A quote for the day:
"You have learned something. That always feels at first as if you had lost something."
-George Bernard Shaw, Major Barbara
Today my school's Granite State Challenge team lost in the semifinal round of the competition. Although we knew that we might lose, we did not expect that we would lose in the way that we did. We were ahead for Round 1, for Round 2, for Round 3, and for most of Round 4 too. Then, in the last five minutes of the game, the other team pulled ahead and tied it up. Then, in literally the last second of the game, they got the final question right- just as the buzzer rang to end the game. The final score was 295-285. We were in shock. Never in a million years would I have predicted that outcome. To their credit, the other team were wonderful sports about it. They reached down immediately and shook the hands of all our players, the coaches and alternates congratulated us on a wonderful game, etc. But we were absolutely stunned. Two of our guys, Erik and Kevin, leaned back hard on the wall behind them almost simultaneously. How we felt was...it was beyond words. The look on their faces made me want to go over and just hug them, tell them how wonderful they were.
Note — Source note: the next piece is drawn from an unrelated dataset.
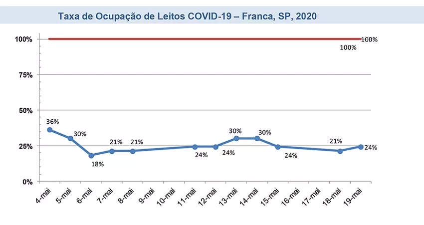 No quadro geral de internações, há oito pessoas em hospitais, sendo cinco no CTI e outras três sendo monitoradas em enfermaria. Essa quantidade é a mesma divulgada pela Prefeitura no dia anterior. Estatística divulgada neste dia 19 mostra que a taxa de ocupação de leitos em Franca está abaixo dos 30%, situação que pode ser considerada favorável. Autoridades de saúde ponderam que o cenário permanece nessa situação na cidade por conta do distanciamento social, que acontece desde 20 de março.

The same thing happened on the bus home. We were analyzing the game, as we almost always do, but it was different this time. We weren't analyzing what we did well as much, but we we didn't do that could have prospectively won us the game. The atmosphere was, once again, almost indescribable. We had played a wonderful game, a spectacular game- but we lost. We weren't mad, we weren't upset or distraught--just disappointed. Not in how we played, but in the fact that we lost. Something inside us just knotted up.
But still, we remember how we started out not wanting to do anything other than try. And we exceeded all expectations so far beyond anything we anticipated that we can have no regrets. Indeed, I sit here remembering William Borden, who wrote in his Bible, "No Reserves. No Retreat. No Regret" at different times in his life. "No reserves" when he was just starting out. "No retreat" when he was getting discouraged or pushed by family and friends to go back on what he was doing. "No regret" right before he died.
We've developed a real camaraderie on the team, too. We're all friends now. Today, when we got back to school, a guy met us in the lobby and when we told him what happened, he went "Erik!" because Erik is basically our ringer, our star. And we jumped on him for that, told him that we couldn't have expected any more of him than what he had already done. It's a loyalty that has developed out of the situation we've been in together. It's something special, that I can really treasure and appreciate.
Now we look to the future. None of us really wants to just say, "We're done," and quit. We're going to grovel and really try to get on the team next year, but in the meantime we're not quitting. We're going to see about going into another Quiz Bowl, somewhere else in the state. We go forward.